The faces of the men though smiling, are gaunt, hardened by the
working conditions they endured, brutalized by the weather, and
exploited by the bosses. My father was a union man, and I was proud
of him. Through economic circumstances, he left school at twelve, at
sixteen, he was apprenticed at Harland and Wolff in Belfast and apart
from the seven years of exile, he wrought there all his life on
Queens Island. Here’s a photo of him with other joiners on the deck of
a boat in Barrow in Furness (tradesmen of his vintage, for reasons
inexplicable to me, never called them ships, nor did they use the term
‘worked,’wrought was their expressed preference ). He was fired when
his apprenticeship was over because Harland and Wolff preferred to
hire another apprentice rather than pay him and the likes of him, a
journeyman’s wage. The years that followed, living
in cheap lodging houses while working in the great shipyards of
England and Scotland. Whilst I couldn’t identify with the experience, I
liked the rhythms in saying the names of the shipyards where he wrought:
Cammel Laird on the Mersey, John Brown on the Clyde
Vickers of Barrow in Furness, Thorneycroft of Southampton
Swan Hunter on the Tyne.
My father could hold his own in any company. He was asked to
build a kitchen in the home of Dr. Denis Rebbeck, the managing
director of Harland and Wolff. That out of a thousand joiners who
worked there at the time, the fact that he was the one asked to build a
kitchen for the top boss, tells more than I can about his skills. I
watched them engage in conversation and it was obvious the respect t
the latter had for him. My dad could recite Shakespeare at length and
Ulster doggerel too.
Dr. Rebbeck, at one stage, when I wasn't there, asked my dad
about me. I was about to take what was known in Northern Ireland as
the Qualifying Exam, the equivalent of the Eleven Plus in England. Dr.

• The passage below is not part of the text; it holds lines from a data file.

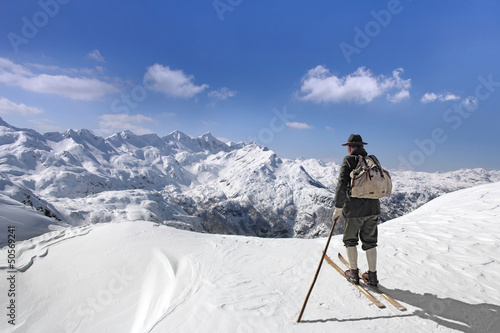 © smuki, Obraz premium Old skier with traditional old wooden skis and backpack
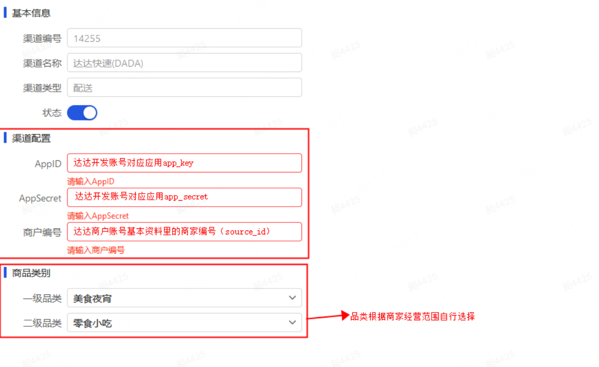 6、登录乐檬系统后台,在配送聚合模块-渠道-渠道列表-选择达达配送,渠道配置里AppID和AppSecret对应步骤5里面的达达app_key和app_secret,商户编号对应步骤3里的达达商户编号(source_id),商品类别可以根据商家经营范围自行选择设置。
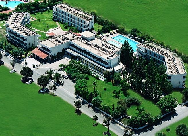 На восточном побережье острова Родос, как раз на полпути между его легендарной столицей и древним акрополем Линдоса, в тихой бухте Колимбии, среди изумрудной зелени собственного парка обосновались три трехэтажных корпуса и главное здание Delfinia Resort.
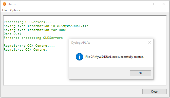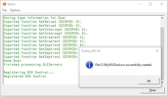 To save time, the basic APL code for the Dual control has already been written. Two workspaces are provided in the samples\activex subdirectory named dualbase.dws and dualfns.dws. You will use these workspaces to build the ActiveX control yourself.
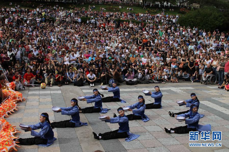 7月20日,中国北京金帆艺术团表演者参加英国爱丁堡艺术节开幕式嘉年华活动。
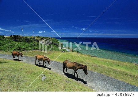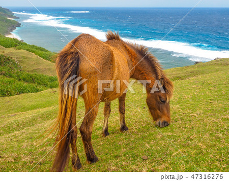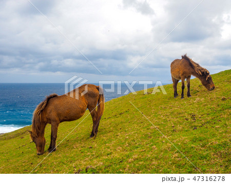 居住在土肥岬的天然紀念物三崎馬在牧場上吃草 | 馬圖片 | 宮崎縣串島市
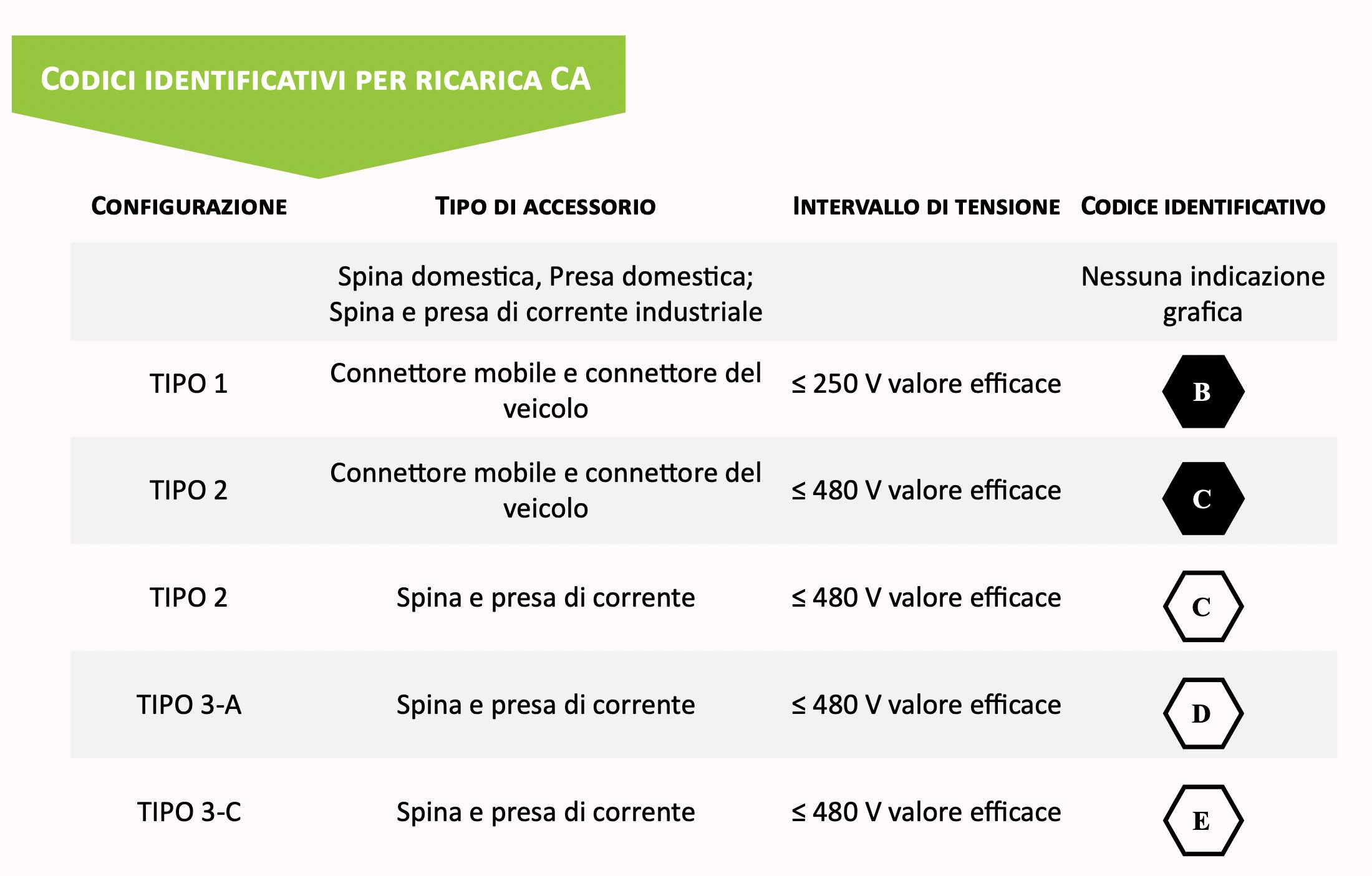 Regole precise anche per i colori: per il connettore e per la presa del veicolo si utilizza un simbolo bianco/argento su sfondo nero. Per la parte hardware del punto di ricarica (spina e presa di corrente), invece, simbolo nero su sfondo bianco/argento.

Rebbeck told my dad he was also Chairman of the Board of Governors
of Campbell College, the poshest, most prestigious school in the north.
He said if I passed the Qualifying, he would get me a free place at
Campbell. My dad told me and asked what I thought. Without much
hesitation, I said I didn't want to go there. That was the end of it, my
dad didn't ask why but the reason was that I knew that I'd
stand out as the poor boy, and I knew I wasn't.

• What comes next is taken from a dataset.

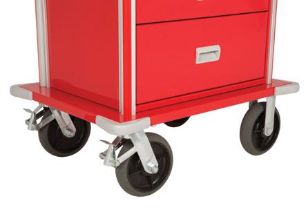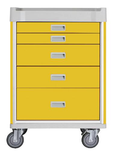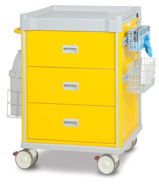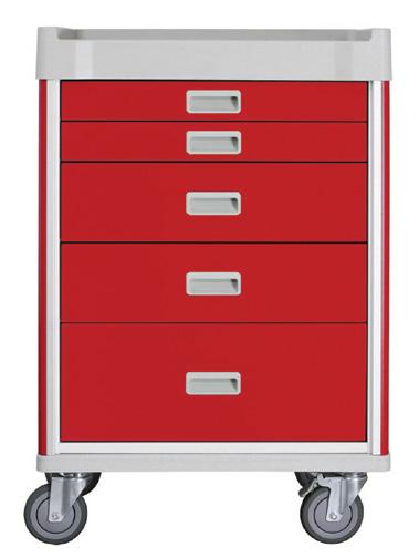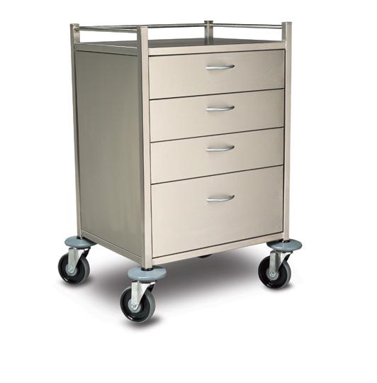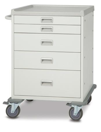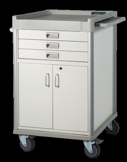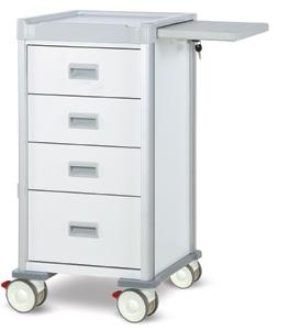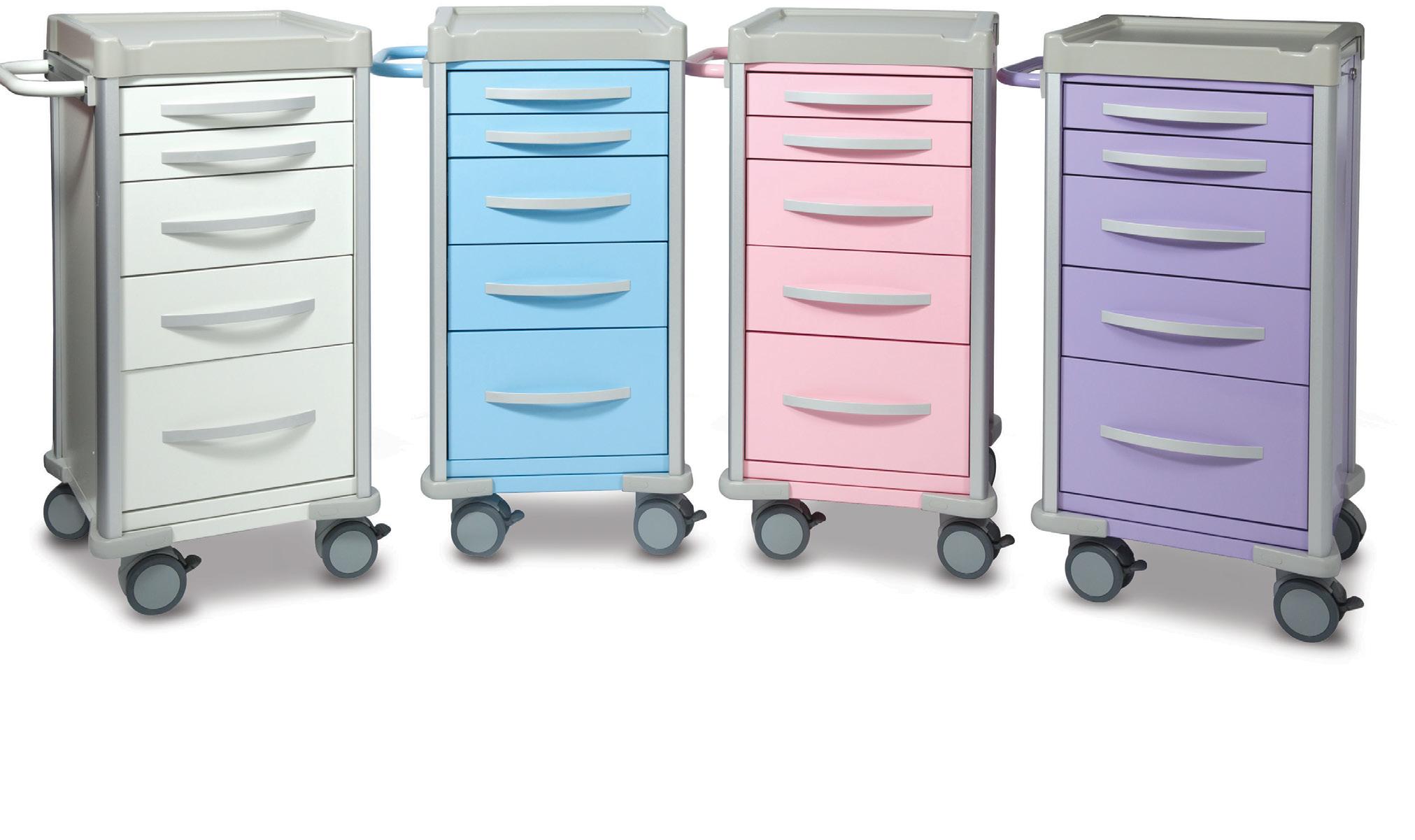 • Lightweight design and profile simplify movement and steering Smooth panels, work surface and seamless drawers promote simple cleaning for infection prevention

Later, when I was playing rugby (at a very low level) against
Campbell College and tackled my opposite number, as he raised
himself off the ground, he said, "You working class bastard".
Who am I? I knew I was none of these things, things imposed on
me by others and circumstances, for I have come to know that I am
spirit.
Amazing stream of consciousness....keep on dear Alan!
I haven't written anything of this book for many months. Lazy or stuck or both, I don't know. I never felt that I was born in "a hotbed of religious war and class division" - I looked at other places, the Betjeman comfort of the London suburbs for example, and think how boring it would be to live there. And that's where I ended up of course!
I had re-read the short description of your father's pithy comments about your clothes this afternoon and it made me laugh aloud, once more.
Then I read this without noticing it's label - 'chapter two', and thought what an engaging first chapter it would be - then I discovered the 'first chapter' of course, which is more serious in tone and I just wondered if a reader would be more engaged if they were the other way round and one sees more of you before you found Shri Mataji? The context of your birthplace being the hotbed of religious war and class division, told with such detachment, makes your later description of real spirituality so much more convincing that way. No doubt it is still early days but I do hope you are rapidly continuing the book, and the piece about the mountain vision will be in it too.